The GFCI protected outlet does not offer the grounded needed for surge protectors that are used with computers.
"You can use a GFCI breaker or GFCI outlet. This gives you the same safety protection that a grounded outlet does. The outlets need to be labeled to indicate that they don't have a ground. The GFCI recptacles come with the labels."
Not the same protection. A different protection. A superior one for human safety. For instance, jumping into the bathtub with a 120-volt radio is much safer with a 2-wire GFCI outlet than with a grounded, 3-prong non-GFCI outlet. Better yet, don't take any line-voltage appliances bathing with you. Good Vibration's catalog has a lot of battery-powered options instead.
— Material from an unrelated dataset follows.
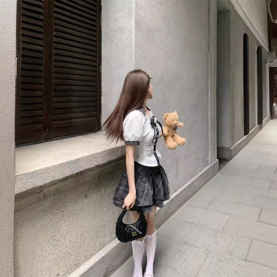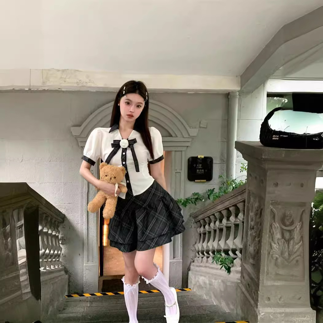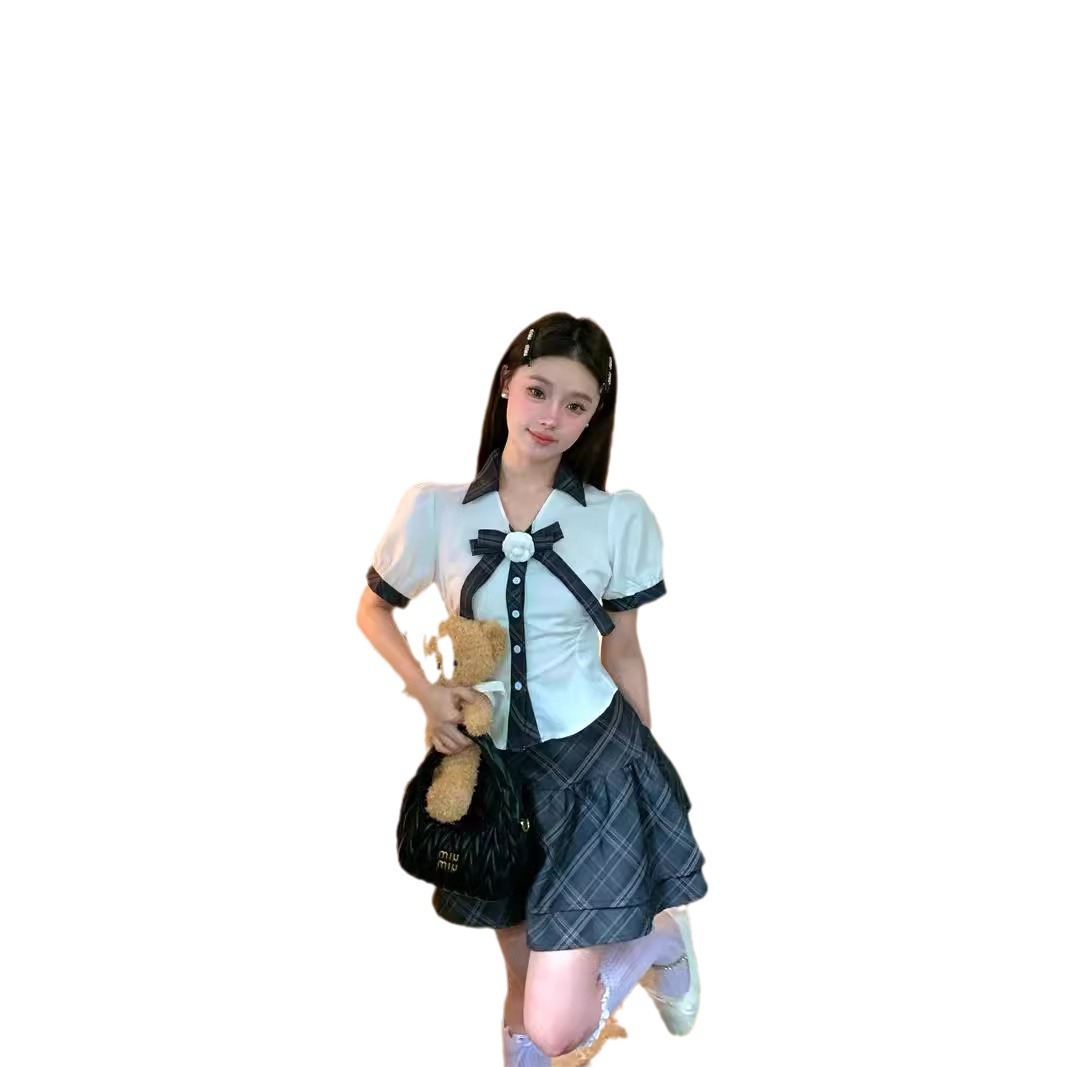 | nameOriginal | French Style Hot Girl suit Women's Bow Slim Shirt Top 2024 Summer High Waist Plaid Skirt Two-Piece Set |

Quire right that refrigerators, freezers, and pumps shouldn't go on a GFCI circuit because of the risk of property damage should the GFCI trip. I would also argue that safety items shouldn't be GFCI. Home oxygen generators would be an extreme example, but stairway lighting would be a more common issue - a safety item you wanted powered as often as possible. However, the kitchen receptacles (that might most benefit from a GFCI breaker or upstream GFCI receptacle) are probably on the same circuit as the fridge. So we get back to running new 12-2 w/ground romex. Alas.
But, rather than retrofit everything, you could snake new romex to only those places that need it most (computer outlet, bath, kitchen). And I'd rather see you put a 6-outlet adaptor over a new, solid 3-wire installation than monkey about with a 2-wire solution. i.e. I'm suggesting that you don't have to aim for 3-wire receptacles every 12 feet on every wall. Does that make it seem more doable?